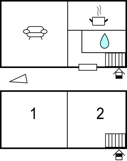 Soveværelse (nr. 1) - 1 Soveplads. (Enkeltseng(e)). 2 Sovepladser. (Dobbeltseng(e)).
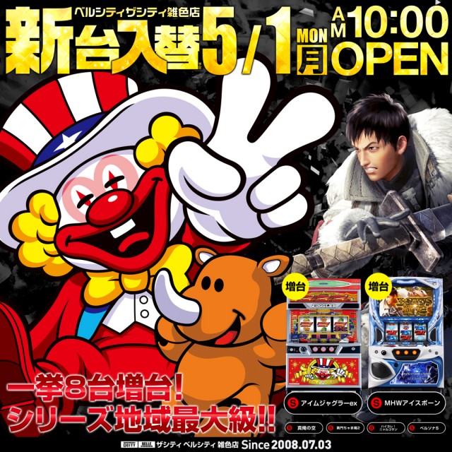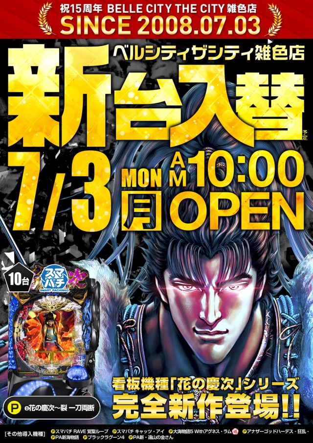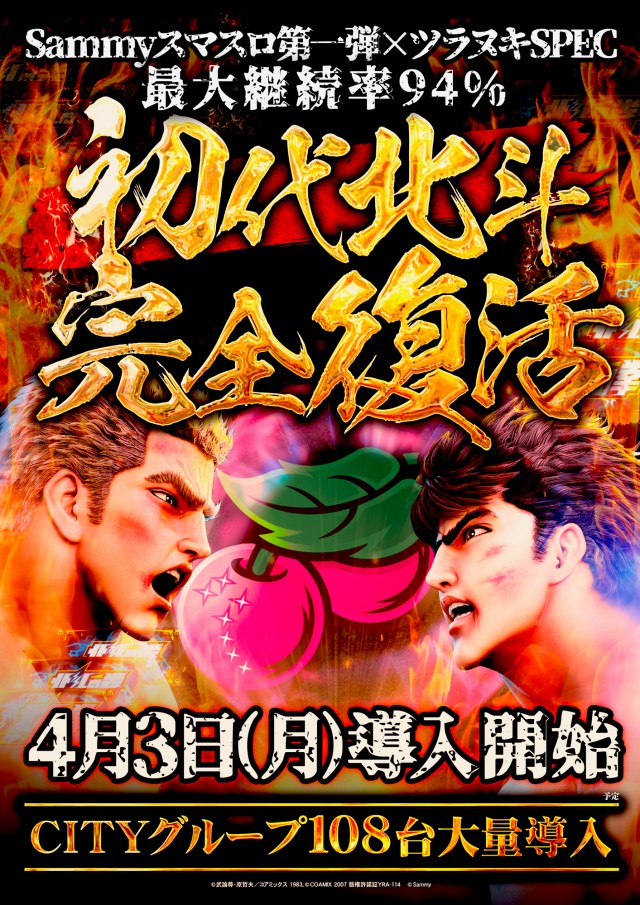 4月3日(月)地域唯一「パチスロ北斗の拳」導入済み!!!
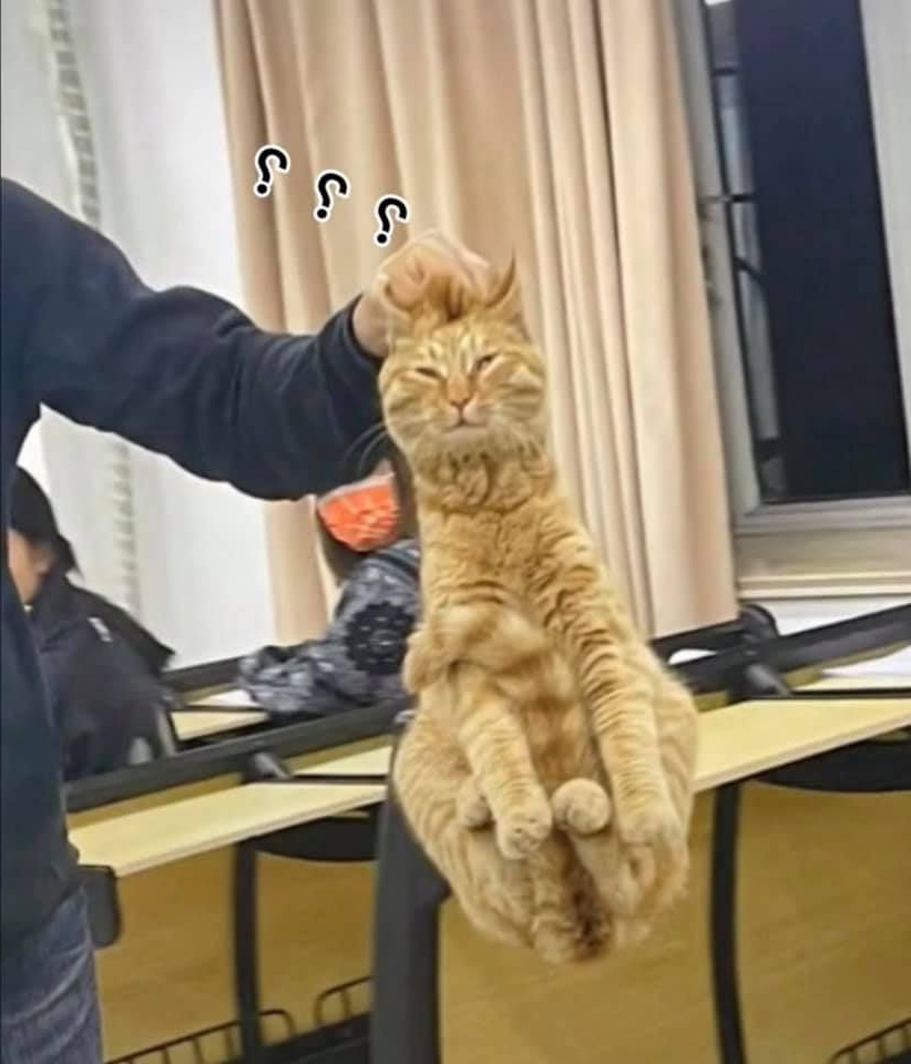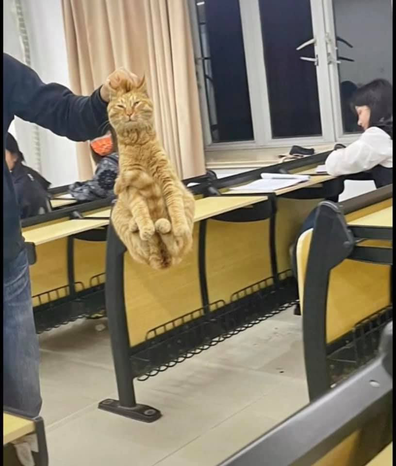 ▼老師將貓咪拎起帶出教室,貓咪的反應非常好笑。牠的四隻腳和尾巴都縮起來,尤其是臉上的表情,看起來困惑又無奈。牠可能是在睡夢中被拎走的,所以還沒有反應過來。原po開玩笑說:「班上唯一認真聽課的被帶走了!」
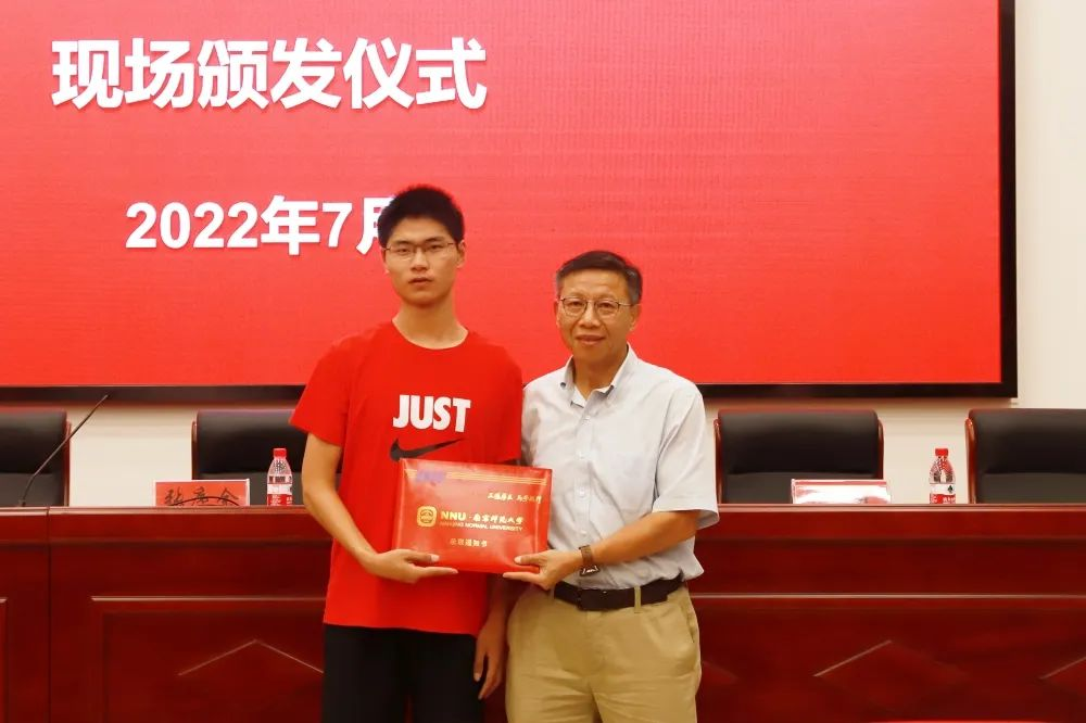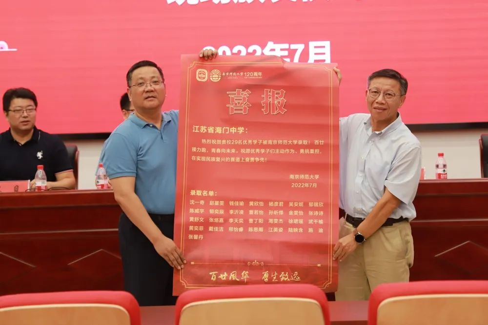 南京师范大学党委常委、副校长张序余向江苏省海门中学党委书记、校长石鑫赠送喜报并亲自为录取到南师大的新生颁发录取通知书。
# # # #
Retype all of the material above precisely as it reads. Pictures are not part of the copy.

WRITTEN RESPONSE |
 Soveværelse (nr. 1) - 1 Soveplads. (Enkeltseng(e)). 2 Sovepladser. (Dobbeltseng(e)).
 4月3日(月)地域唯一「パチスロ北斗の拳」導入済み!!!
 ▼老師將貓咪拎起帶出教室,貓咪的反應非常好笑。牠的四隻腳和尾巴都縮起來,尤其是臉上的表情,看起來困惑又無奈。牠可能是在睡夢中被拎走的,所以還沒有反應過來。原po開玩笑說:「班上唯一認真聽課的被帶走了!」
 南京师范大学党委常委、副校长张序余向江苏省海门中学党委书记、校长石鑫赠送喜报并亲自为录取到南师大的新生颁发录取通知书。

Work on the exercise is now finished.